Treat conversion architecture as part of campaign architecture
AI-driven accounts need strong signals more than they need elaborate naming conventions.
Search term expansion, automated creative and cross-inventory bidding all depend on the conversion outcomes supplied to Google.
The account should therefore be reviewed together with:
- primary conversion definitions;
- conversion values;
- customer-quality or offline outcomes;
- Enhanced Conversions;
- Data Manager integrations;
- product-margin logic;
- transaction IDs and deduplication;
- attribution and incrementality assumptions.
If the conversion model changes, the campaign architecture may need to change as well.
For example, a lead-generation account that begins importing qualified-lead value can often consolidate structures that previously existed only to proxy for lead quality.
Separate reporting structure from delivery structure
One of the biggest causes of over-segmentation is using campaigns as reporting folders.
That is increasingly unnecessary.
Reporting can be built through labels, custom dimensions, product attributes, asset groups, search-term source data, Merchant Center product taxonomy, BI layers and campaign naming standards.
Delivery structure should be reserved for cases where separation changes how money can be spent or what the algorithm is allowed to do.

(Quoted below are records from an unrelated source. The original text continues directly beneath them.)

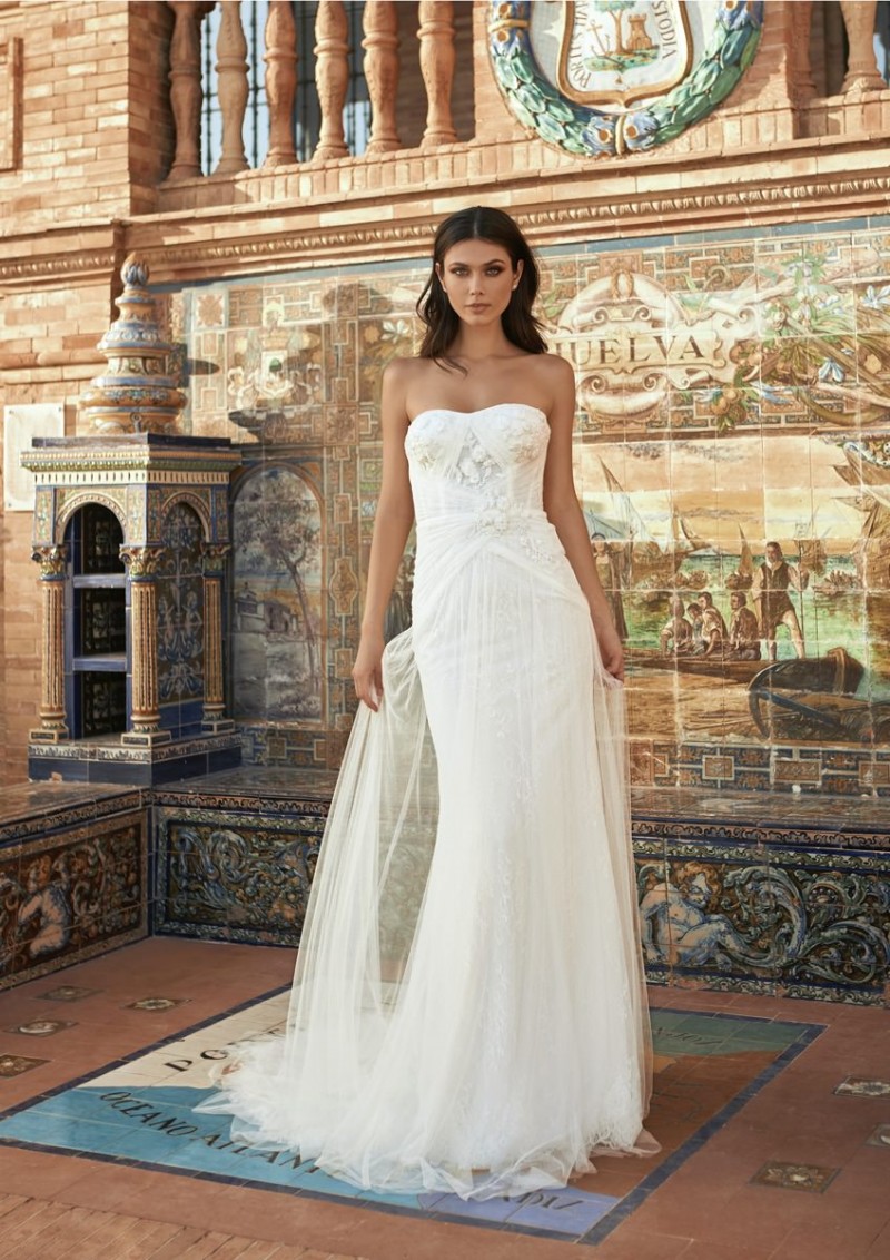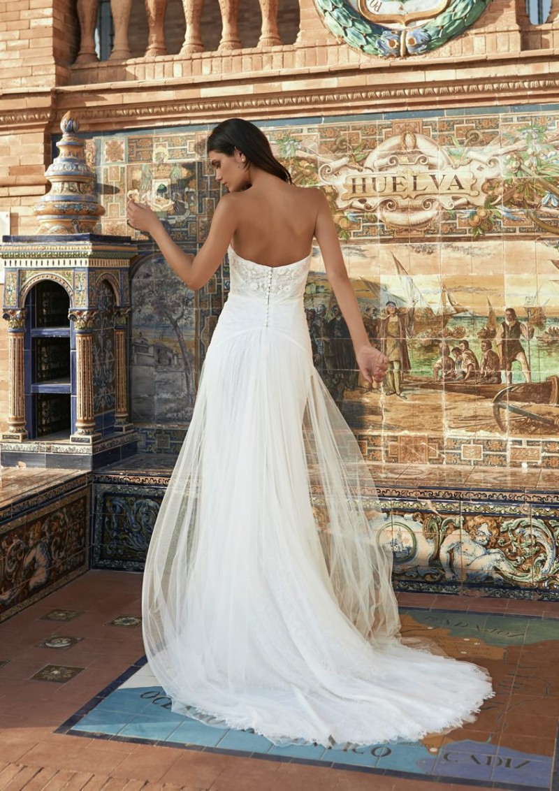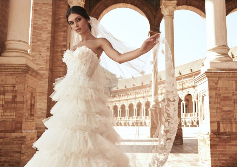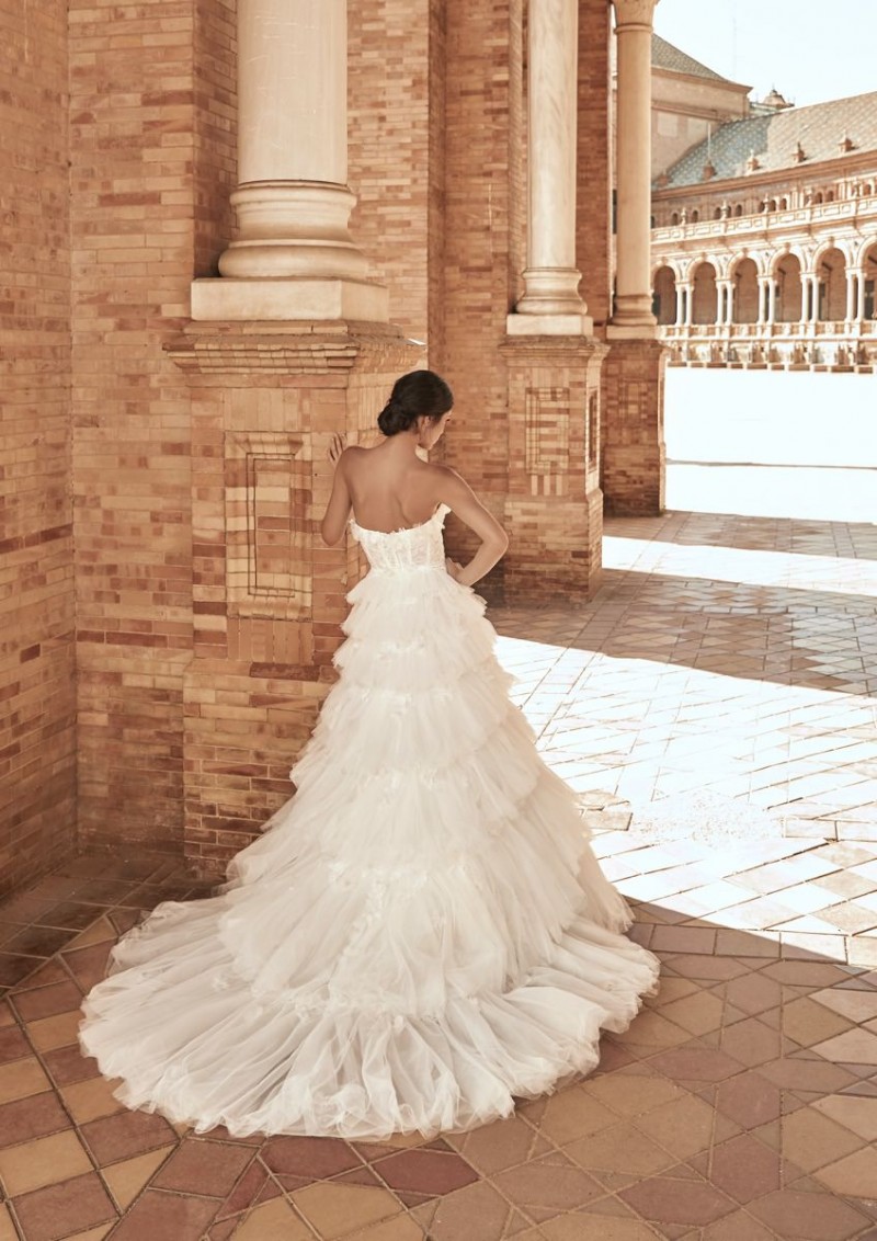 Die Kollektion Marchesa for Pronovias verbindet New Yorker Braut-Couture mit der Leidenschaft Spaniens. Die Entwürfe verbinden das romantische Markenzeichen von Marchesa mit mediterraner Sinnlichkeit. Die Kollektion wurde insbesondere von Sevilla inspiriert und bezieht sich auf die kulturelle Raffinesse, das verführerische Licht und die Farben der Stadt, kombiniert mit einem leidenschaftlichen Flamenco-Backbeat.
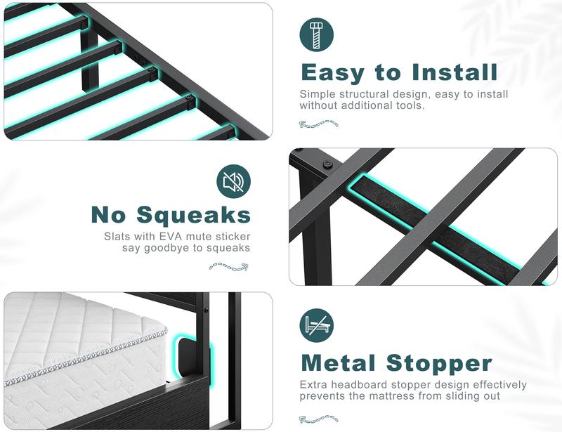Heavy-Duty Support: Metal slats and support bars hold up to 1100lbs, ensuring stability and long-lasting comfort.
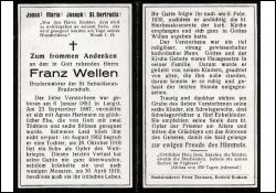 ∞ 23.9.1887 Agnes Hartmann; 8 K., davon † 1 Tochter Aug. 1902, 1 Sohn fiel im 1. Weltkrieg. Seitdem kränkelte seine Gattin, † 30.4.1919; Brudermeister der St. Sebastianus-Bruderschaft; Druck in Krefeld-Bockum |

That distinction keeps the account legible without starving individual campaigns of data.
Build an experimentation lane
Automation should not be activated account-wide on faith.
Google supports AI Max experiments that compare a treatment campaign with a base Search configuration and allow campaign-level choices such as text customization, Final URL expansion and brand settings.
That makes controlled rollout part of architecture.
A mature account should reserve a repeatable testing process for:
- AI Max activation;
- broader search-term matching;
- Final URL expansion;
- new value models;
- target changes;
- new Performance Max segmentation;
- creative automation;
- feed changes.
The test should define the expected business outcome before launch. A platform improvement in conversion volume is not enough if the change reduces margin or lead quality.
The account should become simpler as the measurement becomes better
The strongest Google Ads architecture is usually not the most granular one.
It is the architecture that preserves the few distinctions that materially affect business outcomes while allowing automated systems enough data and flexibility to optimize inside those boundaries.
That is the transition AI Max and Performance Max force operators to make.
The account is no longer a map of everything the media buyer can control.
It is a map of everything the business must control.